The Bizarre Messenger Â
Ninik Sirtufi Rahayu
Fajar pagi mulai merekah. Berlian segera turun dari ranjang sebab hari ini ada agenda penting. Ia harus mengantar Mutiara, putri kecilnya, ke rumah orang tua di  kota lain.
Liburan sudah hampir habis dan ia harus menitipkan kembali putri kecilnya itu. Sejak mengikuti perkuliahan pascasarjana, mau tidak mau Berlian memang harus menitipkan putri semata wayang berusia tiga tahun itu ke tangan pengasuhan orang tuanya.
Sementara sang suami pun sedang mengikuti perkuliahan di mancanegara. Diperkirakan mereka berdua harus LDR (Long Distance Relation) Â sekitar dua hingga tiga tahunan. Jadi, mereka sepakat senyampang putrinya masih kecil, pasangan suami istri itu menuntut ilmu demi karier masing-masing.
"Sayang, kita ke rumah nenek naik bus, ya!" ajak ibu muda itu sambil memakaikan baju dan jaket si kecil dengan lembut.

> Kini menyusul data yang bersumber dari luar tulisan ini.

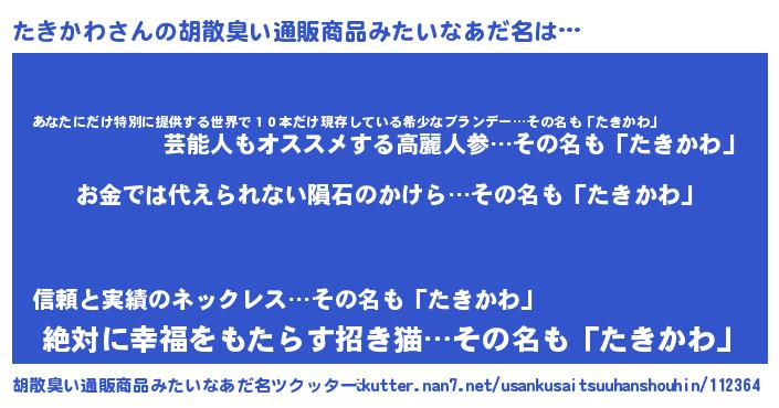 男性向けラノベタイトル風あだ名 | 『転生したらたきかわだった件』 |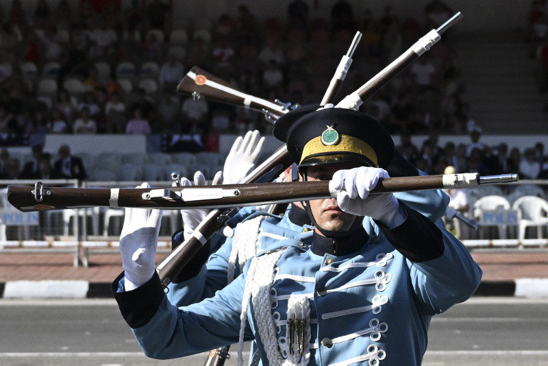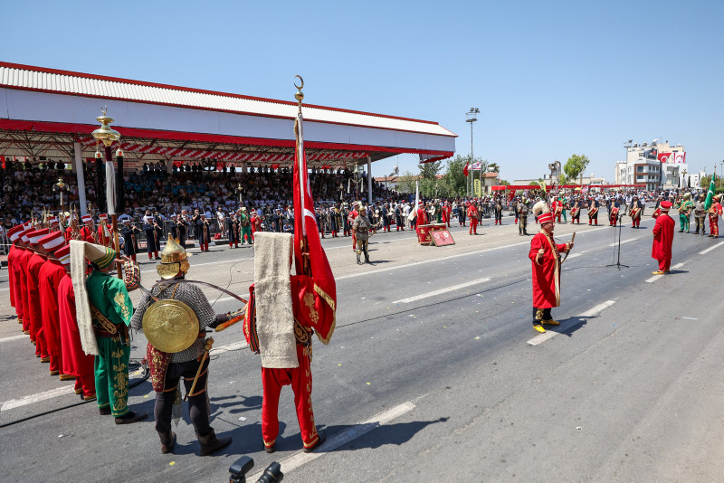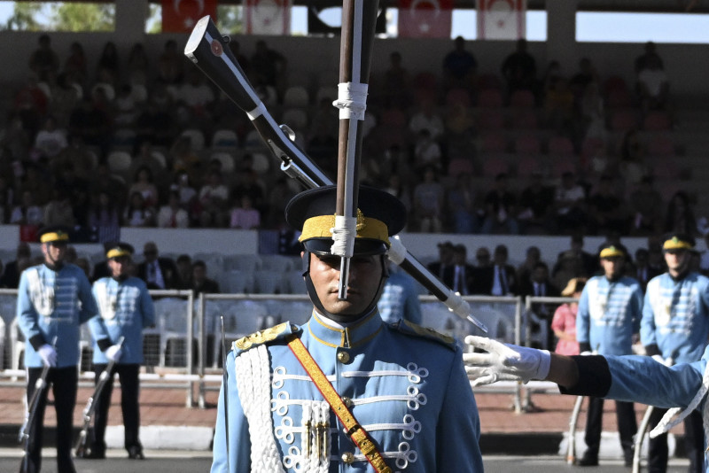 Mehter takımının konser verdiği törende, Türkiye Cumhurbaşkanlığı Muhafız Alayı, tüfekli grup gösterisi sırasında Cumhurbaşkanlığı forsu ve tarihte yer alan Türk devletlerini simgeledi.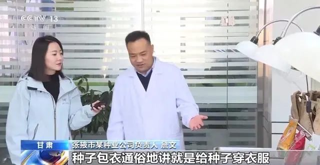 張掖市某種業(yè)公司負責(zé)人 詹文:種子包衣,通俗地說就是給種子穿衣服,保護種子不被地下蟲害、病菌所危害,同時提高種子抗低溫等不良環(huán)境的作用。

"Oke, Mama. Tapi ... Mutiala pingin naik keleta api!" usul si kecil yang masih cadel.
"Anak cantik, naik bus saja, ya ... lebih cepat sampai!" dalih Berlian.
Muka Mutiara yang biasa disapa Rara itu tampak cemberut, tetapi diam seribu bahasa. Ia ikuti kemauan ibunya tanpa memprotes. Demikian pula ketika dituntun naik kendaraan umum menuju Terminal Arjosari. Rara bergeming. Padahal, biasanya gadis kecil yang manis itu cukup cerewet menanyakan ini itu. Namun, kali ini di sepanjang perjalanan ia hanya diam.
Sesampai di terminal, si ibu memilih bus tertentu dan segera menuntun si buah hati masuk ke dalam bus. Rara masih diam. Dengan tenang, ia duduk di pangkuan sang bunda yang memilih duduk di kursi depan agar putrinya bisa melihat pemandangan sehingga tidak mabuk.
Sesampai Sumberpucung, supir membelokkan kendaraan ke arah SPBU. Ketika  bus isi bensin, tetiba Mutiara memaksa meminta turun.
"Lala mau buang ail, Ma!" rengeknya berulang-ulang.
Gadis mungil itu mulai rewel. Menangis berteriak-teriak meminta turun dari bus. Saat dalam kebingungan, kondektur memberi jalan keluar bijak.